Description: This option specifies the prefix that Tidy uses for styles rules. By default, "c" will be used.

<doctype>

Default Value: auto

Possible Values: auto, omit, strict, loose, transitional, or user-specified fpi string

Description: This option specifies the DOCTYPE declaration generated by Tidy. If set to omit the output won't contain a DOCTYPE declaration. If set to auto (the default) Tidy will use an educated guess based upon the contents of the document. If set to strict, Tidy will set the DOCTYPE to the strict DTD. If set to loose, the DOCTYPE is set to the loose (transitional) DTD. Alternatively, you can supply a string for the formal public identifier (FPI). For example:

doctype: "-//ACME//DTD HTML 3.14159//EN"

If you specify the FPI for an XHTML document, Tidy will set the system identifier to the empty string. Tidy leaves the DOCTYPE for generic XML documents unchanged.
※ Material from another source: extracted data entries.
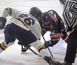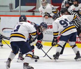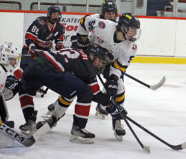 The visitors dashed the shutout bid of the Rapids’ Keiran Caughran as they struck shorthanded 53 second into the third when Owen O’Grady forced a turnover and dished a quick feed over to Vaive Hickey in the slot where he ripped in his third goal in as many games.
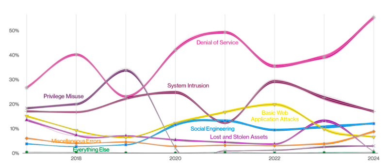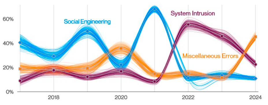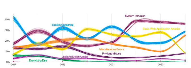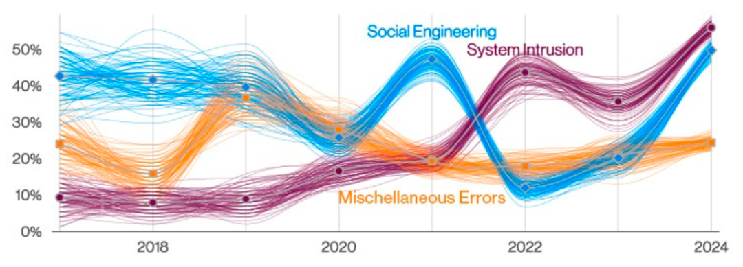 2024DBIR报告中则分为:基本Web应用程序攻击、拒绝服务、资产丢失和窃取、杂项错误、特权滥用、社会工程、系统入侵、其他共八种模式。
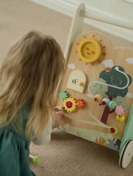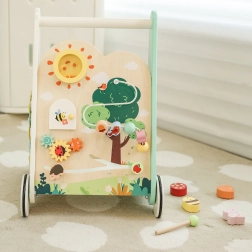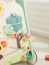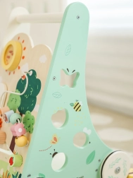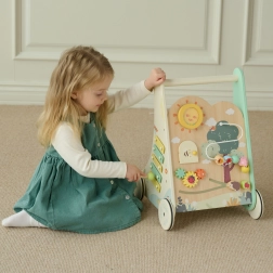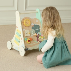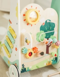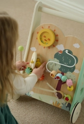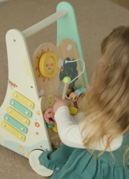 Chodítko rastie spolu s dieťaťom: od podpory pri chôdzi až po samostatnú hru s aktivitami, ktoré rozvíjajú jemnú motoriku, koordinačné schopnosti, sluch a logické myslenie. Povrchy sú ošetrené zdravotne nezávadnými farbami v jemných, lákavých odtieňoch.

Specifying a doctype of omit implies that the numeric-entities option is set to yes.

<drop-empty-paras>

Default Value: yes

Description: This option specifies if Tidy should discard empty paragraphs. If set to no, empty paragraphs are replaced by a pair of <BR> elements as HTML4 precludes empty paragraphs.

<drop-front-tags>

Default Value: no

Description: This option specifies if Tidy should discard <FONT> and <CENTER> tags without creating the corresponding style rules. This option can be set independently of the clean option.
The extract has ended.